5.4 Corpus counts (only annotated parts of corpus)

Domain Language # files # sentences # tokens (excl. EOS) # tokens (incl. EOS)
corp en 12 2002 52,847 54,849
corp fr 12 1977 61,107 63,084
corp nl 12 1988 54,233 56,221
equi en 34 3090 61,293 64,383
equi fr 78 2809 63,870 66,679
equi nl 65 3669 60,119 63,788
htfl en 190 2432 57,899 60,331
htfl fr 210 2177 57,204 59,381
htfl nl 174 2880 57,846 60,726
wind en 5 6638 64,404 71,042
wind fr 2 4770 69,759 74,529
wind nl 8 3356 58,684 62,040

5.6 Normalisation

The following normalisation procedures are applied to all available versions of the data:

  1. Unidecode to avoid encoding issues with the "unicodedata" Python package

    normalised_text = unicodedata.normalize("NFC", text_string_to_normalise)
  2. Make sure all dashes and quotes use the same characters

    dashes = ["-", "−", "‐"]
    double_quotes = ['"', '“', '”', '„', "„", "„"]
    single_quotes = ["'", "`", "´", "’", "‘", "’"]
    
    # fix double character quotes
    for double_quote in [',,', "''", "''", "‘’", "’’"]:
        if double_quote in text:
            text_string_to_normalise = text_string_to_normalise.replace(double_quote, '"')
    
    # fix single character dashes and quotes
    normalised_text = ""
    for char in text_string_to_normalise:
        if char in dashes:
            string_normalised += "-"
        elif char in double_quotes:
            string_normalised += '"'
        elif char in single_quotes:
            string_normalised += "'"
        else:
            string_normalised += char
  3. Replace a specifically accented I which could not be handled well with lowercasing

    normalised_text = text_string_to_normalise.replace("İ", "I")
  4. Remove very specific and rare special characters which cause problems with Transformers library

    problem_chars = ["", "", "", "", "œ"]
    for problem_char in problem_chars:
        normalised_text = text_string_to_normalise.replace(problem_char, "")

6. Updates

Changes version 1.0 > version 1.1

Changes version 1.1 > version 1.2

Changes version 1.2 > version 1.3

Changes version 1.3 > version 1.4

Changes version 1.4 > version 1.5

Not many changes to actual annotations, but major update to how the annotations are presented etc.:

7. Error Reporting

The ACTER dataset is an ongoing project, so we are always looking to improve the data.

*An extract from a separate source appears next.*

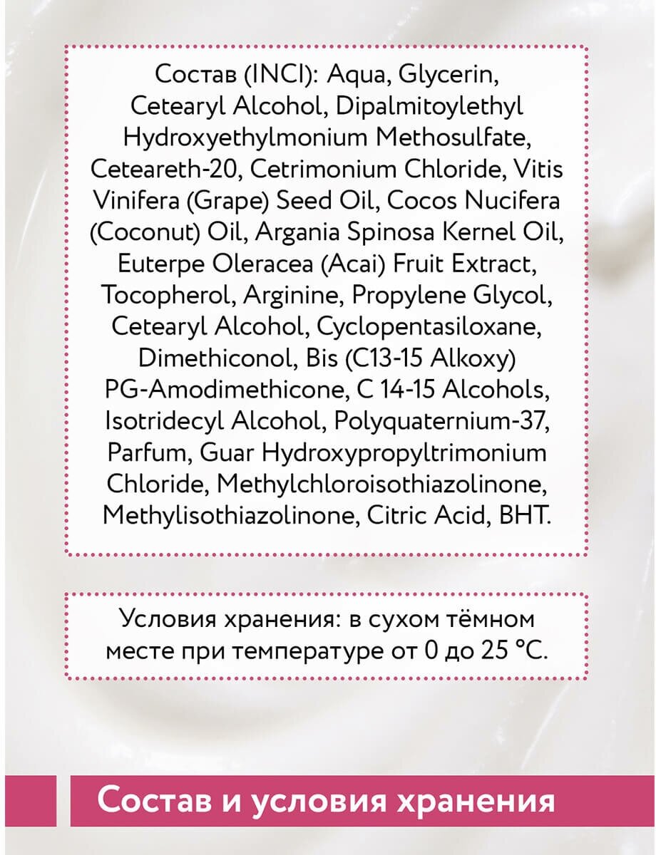 | Состав | Aqua, Glycerin, Cetearyl Alcohol, Dipalmitoylethyl, Hydroxyethylmonium Methosulfate, Ceteareth-20, Cetrimonium Chloride, Vitis Vinifera (Grape) Seed Oil, Cocos Nucifera (coconut) Oil, Argania Spinosa Kernel Oil, Euterpe Oleracea (Acai) Fruit Extract, Tocopherol, Arginine, Propylene Glycol, Cetearyl Alcohol, Cyclopentasiloxane, Dimethiconol, Bis (C13-15 Alkoxy) Pg-amodimethicone, C14-15 Alcohols, Isotridecyl Alcohol, Methyl Alcohol, Polyquaternium-37, Parfum, Guar Hydroxypropyltrimonium Chloride, Methylchloroisothiazolinone, Methylisothiazolinone, Citric Acid, BHT |

Any questions or issues regarding this dataset may be reported via the Github repository at: https://github.com/AylaRT/ACTER and will be addressed asap.

8. License

The data can be freely used and adapted for non-commercial purposes, provided the above-mentioned paper is cited and any changes made to the data are clearly stated.